---- Task data
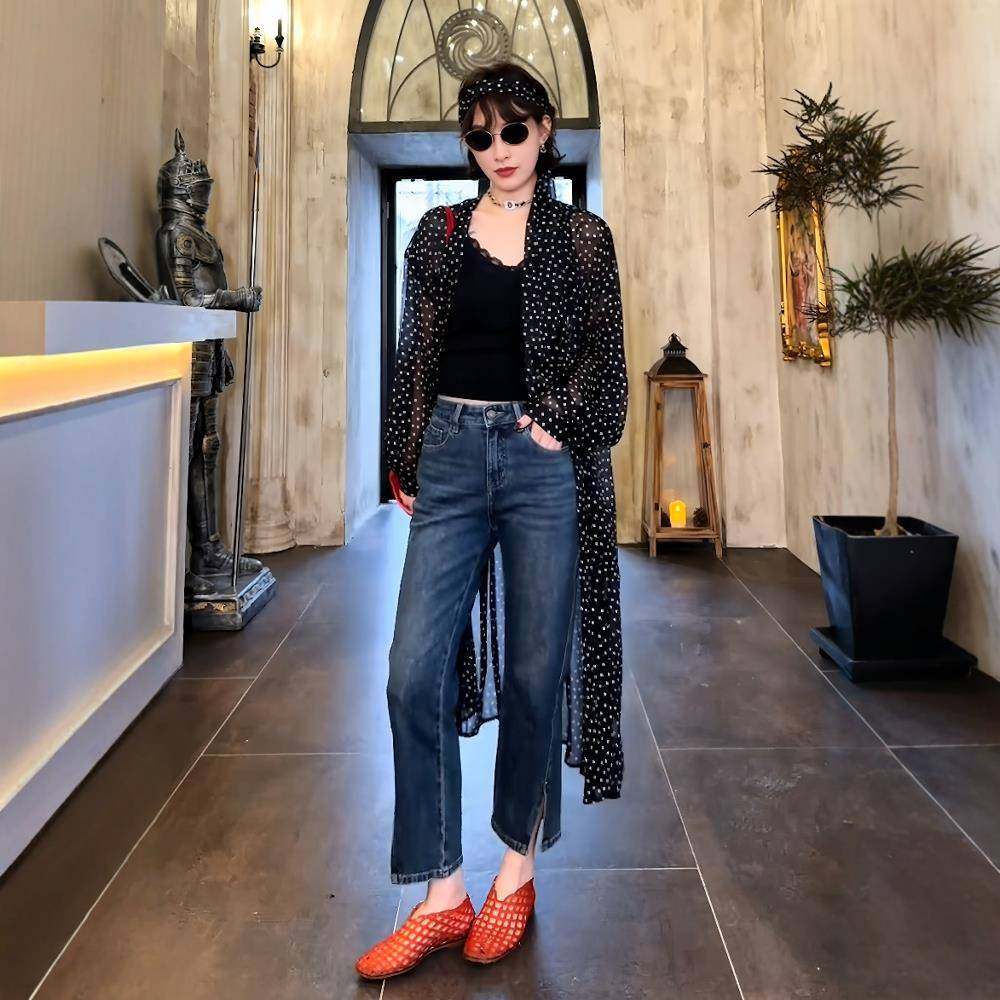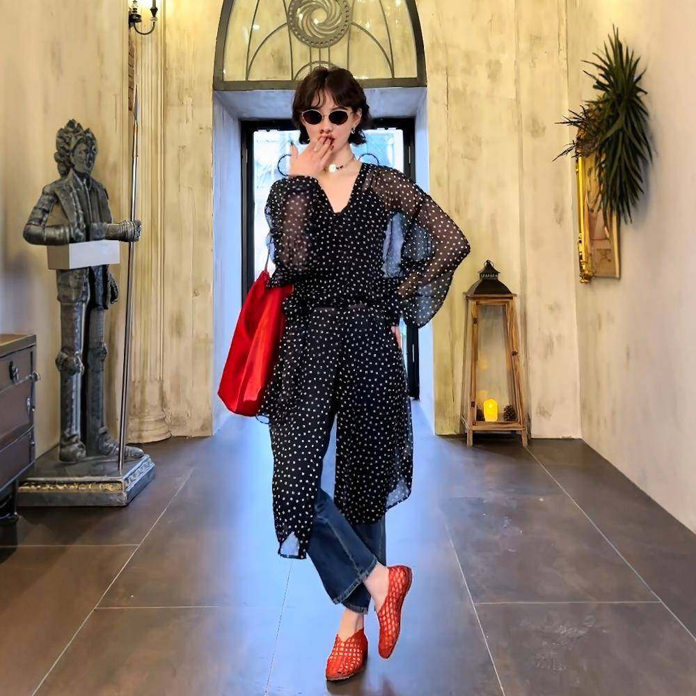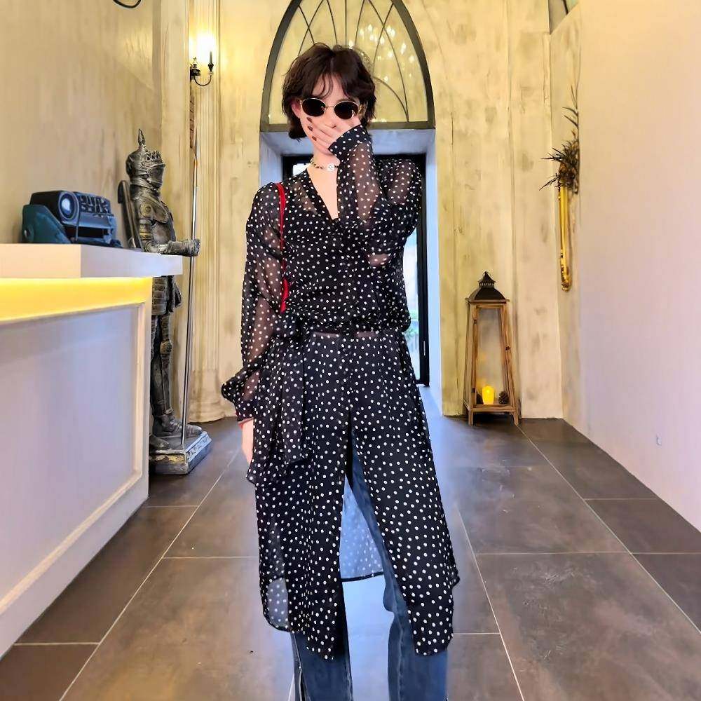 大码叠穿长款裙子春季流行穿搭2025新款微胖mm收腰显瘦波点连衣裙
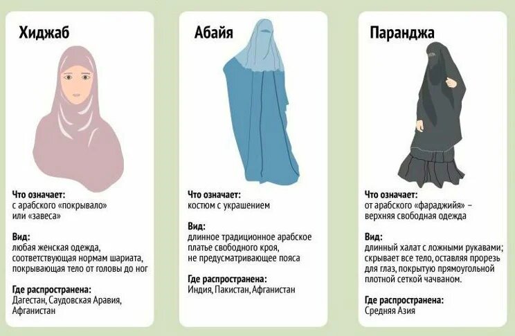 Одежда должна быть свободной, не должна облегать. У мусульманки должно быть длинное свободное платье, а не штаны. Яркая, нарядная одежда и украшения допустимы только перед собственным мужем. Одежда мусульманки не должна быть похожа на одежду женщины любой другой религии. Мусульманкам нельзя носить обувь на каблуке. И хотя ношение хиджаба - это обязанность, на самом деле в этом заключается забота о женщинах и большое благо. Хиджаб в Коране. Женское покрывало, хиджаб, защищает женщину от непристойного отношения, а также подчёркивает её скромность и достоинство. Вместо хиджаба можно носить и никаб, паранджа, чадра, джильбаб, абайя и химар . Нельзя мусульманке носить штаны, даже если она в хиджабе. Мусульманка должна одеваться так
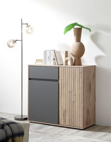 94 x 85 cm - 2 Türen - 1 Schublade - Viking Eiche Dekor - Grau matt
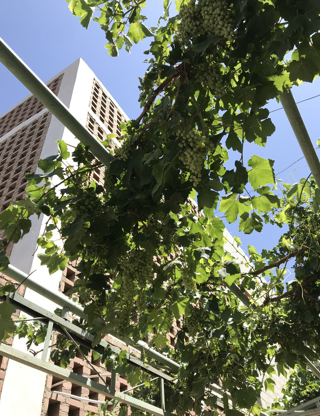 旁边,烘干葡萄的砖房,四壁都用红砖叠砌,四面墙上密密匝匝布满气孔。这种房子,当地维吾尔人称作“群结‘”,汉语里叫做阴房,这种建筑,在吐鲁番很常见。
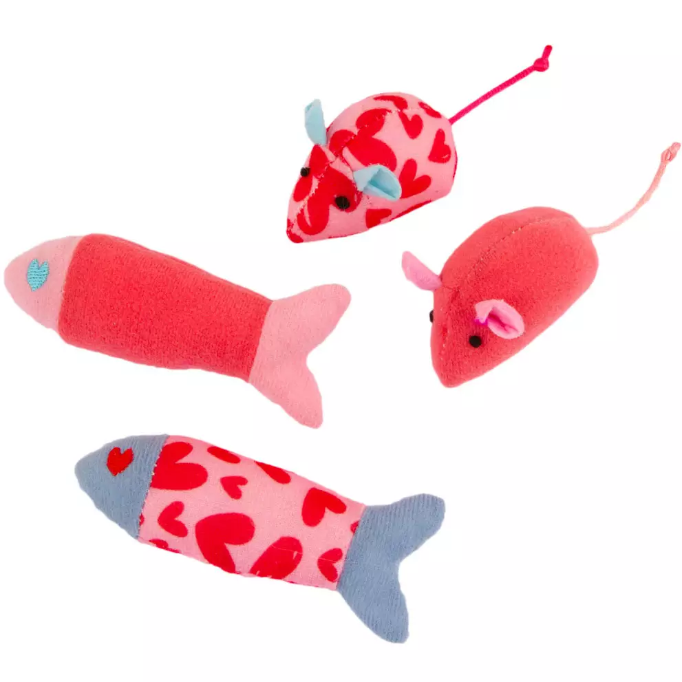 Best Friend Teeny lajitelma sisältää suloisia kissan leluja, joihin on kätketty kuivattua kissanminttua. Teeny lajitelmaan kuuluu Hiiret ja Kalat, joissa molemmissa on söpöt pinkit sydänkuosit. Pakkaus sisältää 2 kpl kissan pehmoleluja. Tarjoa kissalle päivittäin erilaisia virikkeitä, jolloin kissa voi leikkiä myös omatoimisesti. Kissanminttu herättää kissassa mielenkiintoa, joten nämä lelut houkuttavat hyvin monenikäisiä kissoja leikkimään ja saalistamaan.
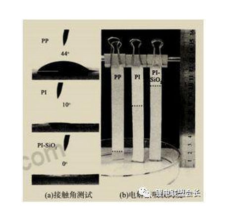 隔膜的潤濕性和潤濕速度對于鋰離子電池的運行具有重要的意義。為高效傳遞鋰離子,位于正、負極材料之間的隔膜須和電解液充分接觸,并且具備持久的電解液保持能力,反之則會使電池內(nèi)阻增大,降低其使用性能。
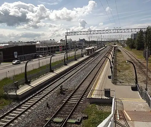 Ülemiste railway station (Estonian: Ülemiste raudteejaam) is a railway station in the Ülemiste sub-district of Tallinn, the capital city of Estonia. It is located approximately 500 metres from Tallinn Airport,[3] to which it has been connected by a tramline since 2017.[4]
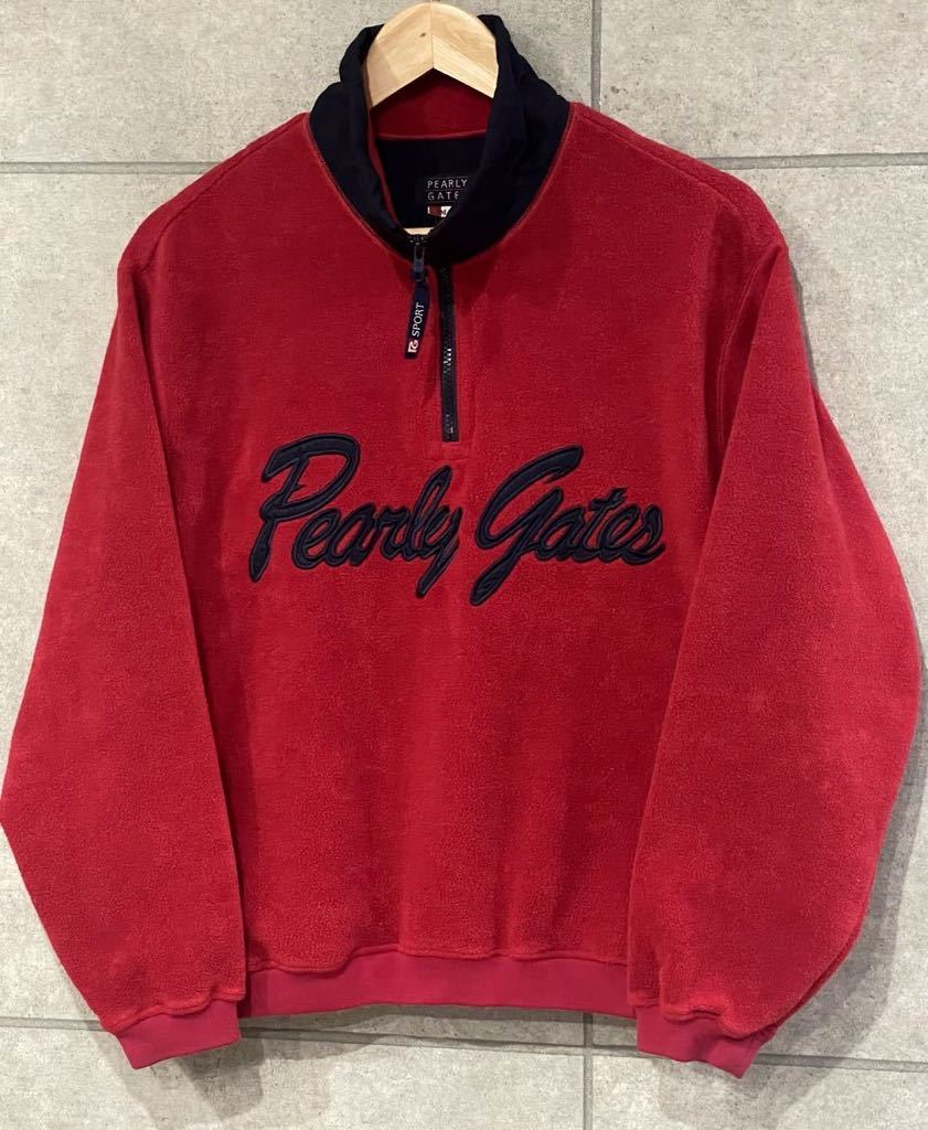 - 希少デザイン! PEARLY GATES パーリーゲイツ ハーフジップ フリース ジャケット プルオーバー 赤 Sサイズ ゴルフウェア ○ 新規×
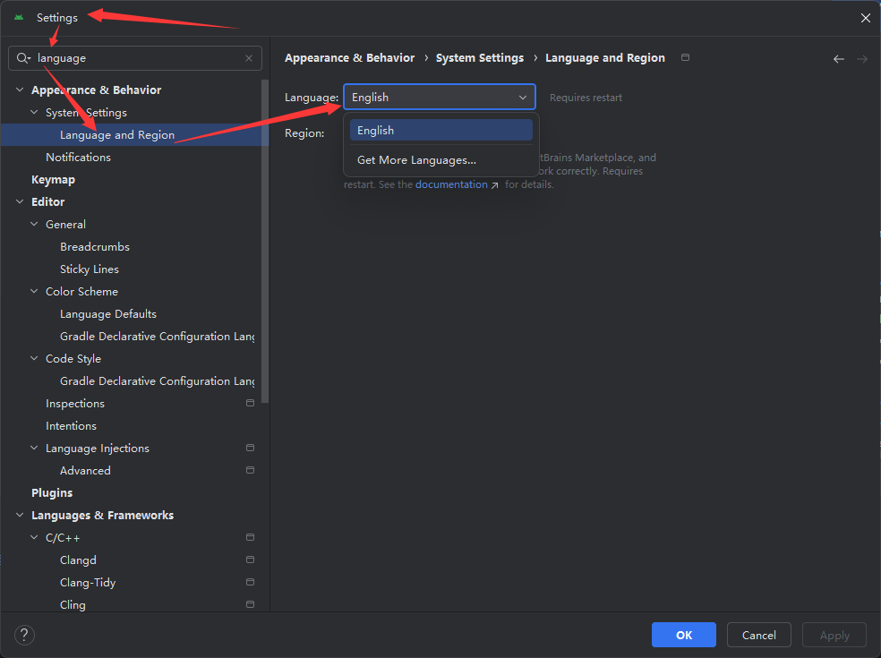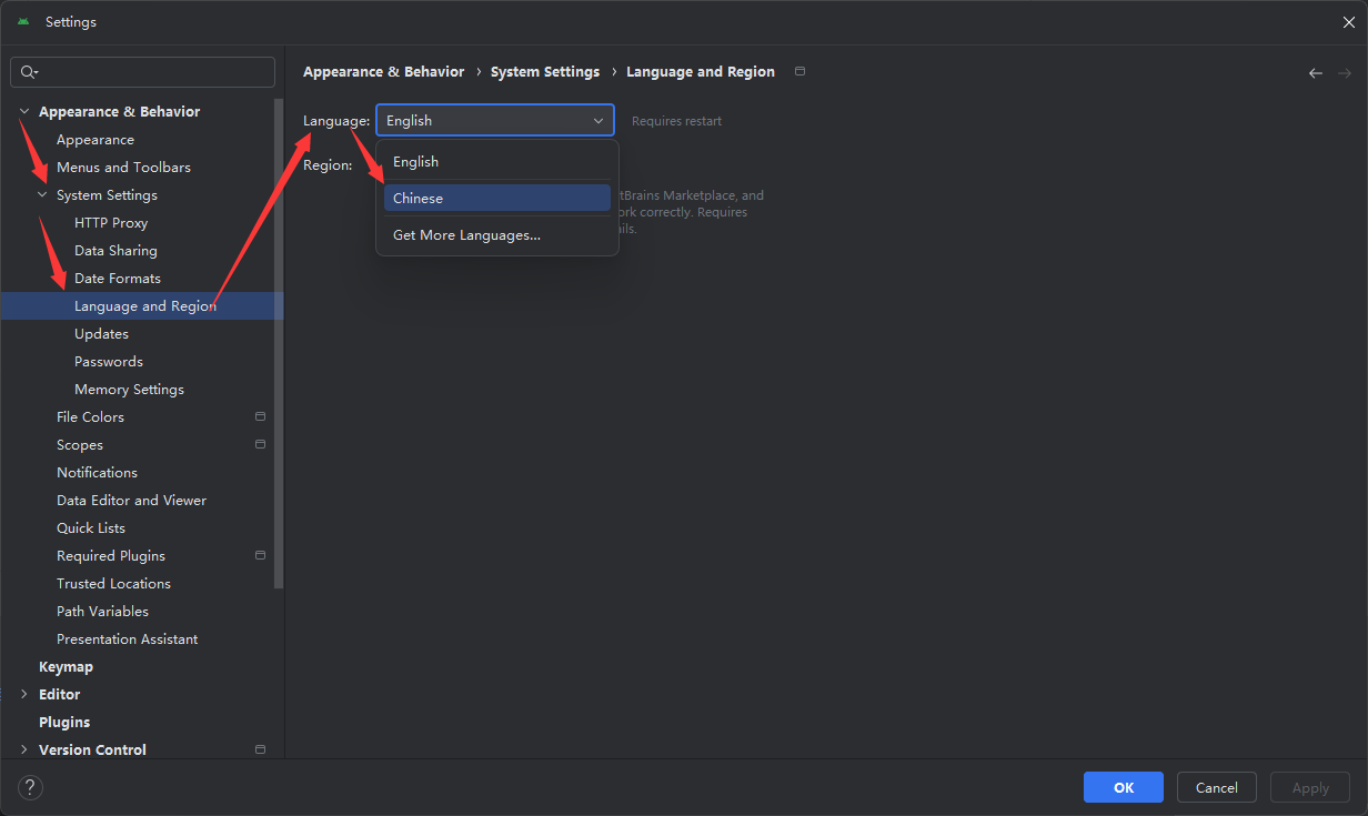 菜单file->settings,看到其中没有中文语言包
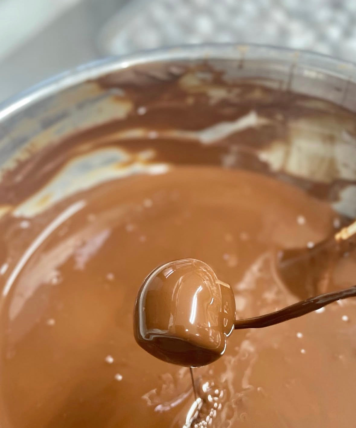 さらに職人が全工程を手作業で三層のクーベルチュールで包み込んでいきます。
--------
Exercise directions » All of the listing is to be written out exactly, with the pictures left out.

Result of this task »
 大码叠穿长款裙子春季流行穿搭2025新款微胖mm收腰显瘦波点连衣裙
 Одежда должна быть свободной, не должна облегать. У мусульманки должно быть длинное свободное платье, а не штаны. Яркая, нарядная одежда и украшения допустимы только перед собственным мужем. Одежда мусульманки не должна быть похожа на одежду женщины любой другой религии. Мусульманкам нельзя носить обувь на каблуке. И хотя ношение хиджаба - это обязанность, на самом деле в этом заключается забота о женщинах и большое благо. Хиджаб в Коране. Женское покрывало, хиджаб, защищает женщину от непристойного отношения, а также подчёркивает её скромность и достоинство. Вместо хиджаба можно носить и никаб, паранджа, чадра, джильбаб, абайя и химар . Нельзя мусульманке носить штаны, даже если она в хиджабе. Мусульманка должна одеваться так
 94 x 85 cm - 2 Türen - 1 Schublade - Viking Eiche Dekor - Grau matt
 旁边,烘干葡萄的砖房,四壁都用红砖叠砌,四面墙上密密匝匝布满气孔。这种房子,当地维吾尔人称作“群结‘”,汉语里叫做阴房,这种建筑,在吐鲁番很常见。
 Best Friend Teeny lajitelma sisältää suloisia kissan leluja, joihin on kätketty kuivattua kissanminttua. Teeny lajitelmaan kuuluu Hiiret ja Kalat, joissa molemmissa on söpöt pinkit sydänkuosit. Pakkaus sisältää 2 kpl kissan pehmoleluja. Tarjoa kissalle päivittäin erilaisia virikkeitä, jolloin kissa voi leikkiä myös omatoimisesti. Kissanminttu herättää kissassa mielenkiintoa, joten nämä lelut houkuttavat hyvin monenikäisiä kissoja leikkimään ja saalistamaan.
 隔膜的潤濕性和潤濕速度對于鋰離子電池的運行具有重要的意義。為高效傳遞鋰離子,位于正、負極材料之間的隔膜須和電解液充分接觸,并且具備持久的電解液保持能力,反之則會使電池內(nèi)阻增大,降低其使用性能。
 Ülemiste railway station (Estonian: Ülemiste raudteejaam) is a railway station in the Ülemiste sub-district of Tallinn, the capital city of Estonia. It is located approximately 500 metres from Tallinn Airport,[3] to which it has been connected by a tramline since 2017.[4]
 - 希少デザイン! PEARLY GATES パーリーゲイツ ハーフジップ フリース ジャケット プルオーバー 赤 Sサイズ ゴルフウェア ○ 新規×
 菜单file->settings,看到其中没有中文语言包
 さらに職人が全工程を手作業で三層のクーベルチュールで包み込んでいきます。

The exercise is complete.